Learn how to create 5-15 reports in Google Docs, Gmail, Google Spaces, and Google Forms that take no more than 15 minutes to write and 5 minutes to read.
What is a 5-15 report?
To improve internal communication in an organization, the simplest and most elegant method I recommend is the aptly named 5-15 report. Paul Hawken wrote in his book Growing a Business that a 5-15 report is one that “requires no more than fifteen minutes to write or five minutes to read,” and credited Yvon Chouinard of Patagonia with creating the format .
In Hawken’s description, once a week employees spend 15 minutes writing a three-part report.
- The first part covers what the person accomplished during the week.
- The second section deals with the morale of both the person and their team.

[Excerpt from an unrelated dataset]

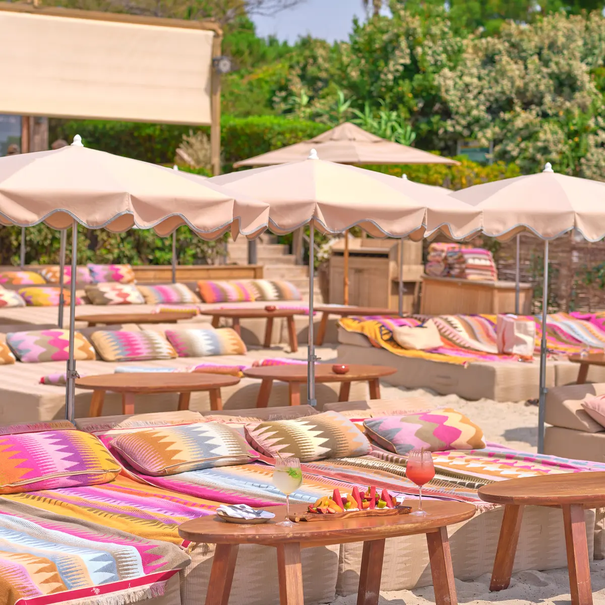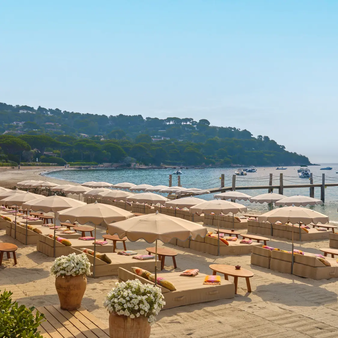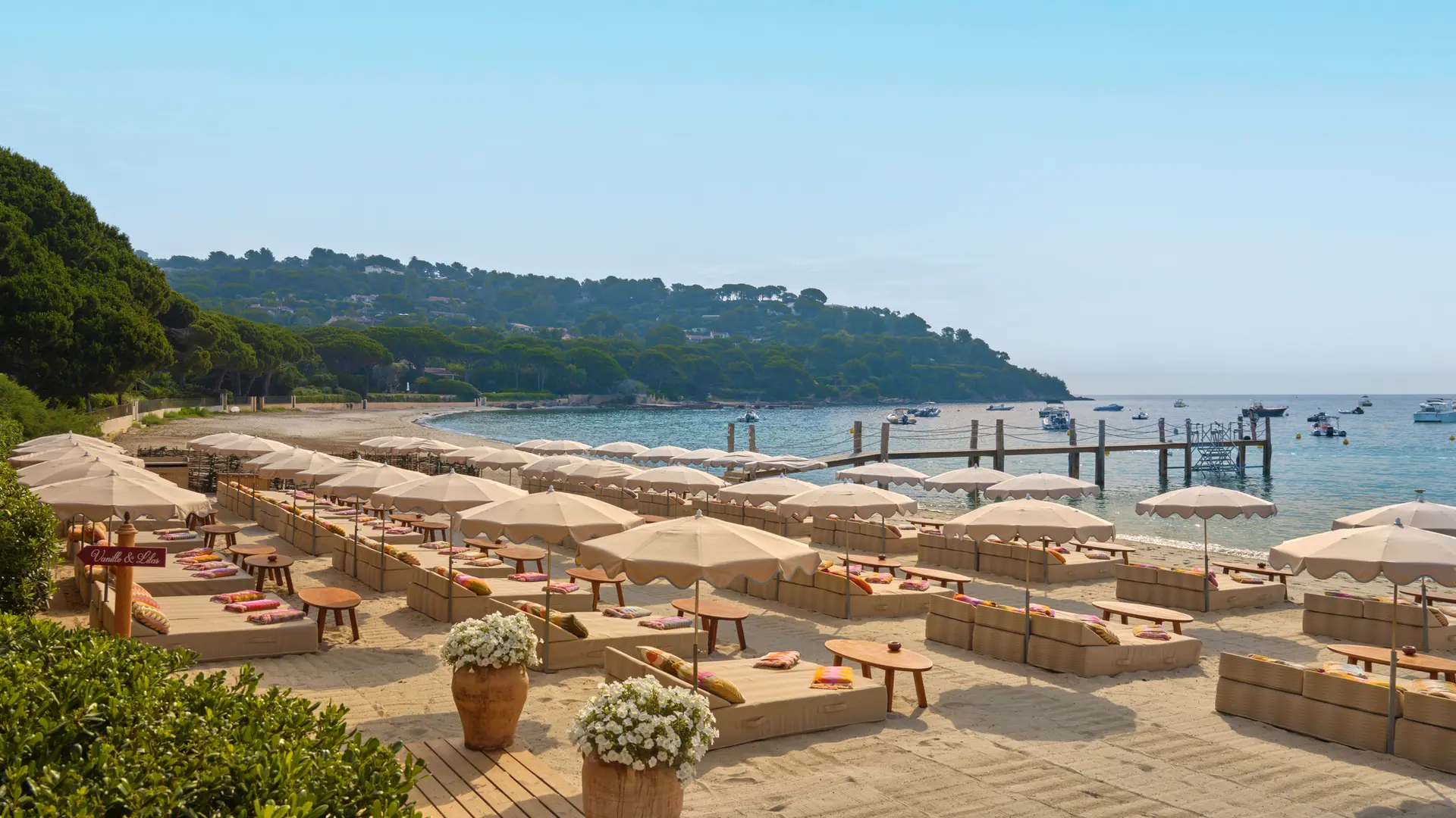 Jardin Tropézina est une plage idéalement située, facile d'accès, dans un cadre enchanteur par son environnement boisé et une vue à couper le souffle sur la baie de Pampelonne.

- The third segment looks for an improvement, a proposal for a change aimed at improving the work of the organization.
Each person writes a report towards the end of their work week, and each manager promptly reads every report from their direct reports.
The specific sections and frequency of 5-15 reports may vary. At an organization I managed that was going through a significant financial crisis, I asked employees to fill out a similar report daily, capturing the day’s accomplishments, identifying obstacles to getting the job done, and identifying their primary task for the next day. I didn’t need to know morals, which I knew were bad; I needed to know what was going on and keep people focused on progress.
In other cases, I relied on a standard weekly report that included achievements, concerns and obstacles, and suggested changes. Other variations of 5-15 report content may include identifying things that are working or not working, lessons learned, steps taken to implement actions, or points that need further discussion.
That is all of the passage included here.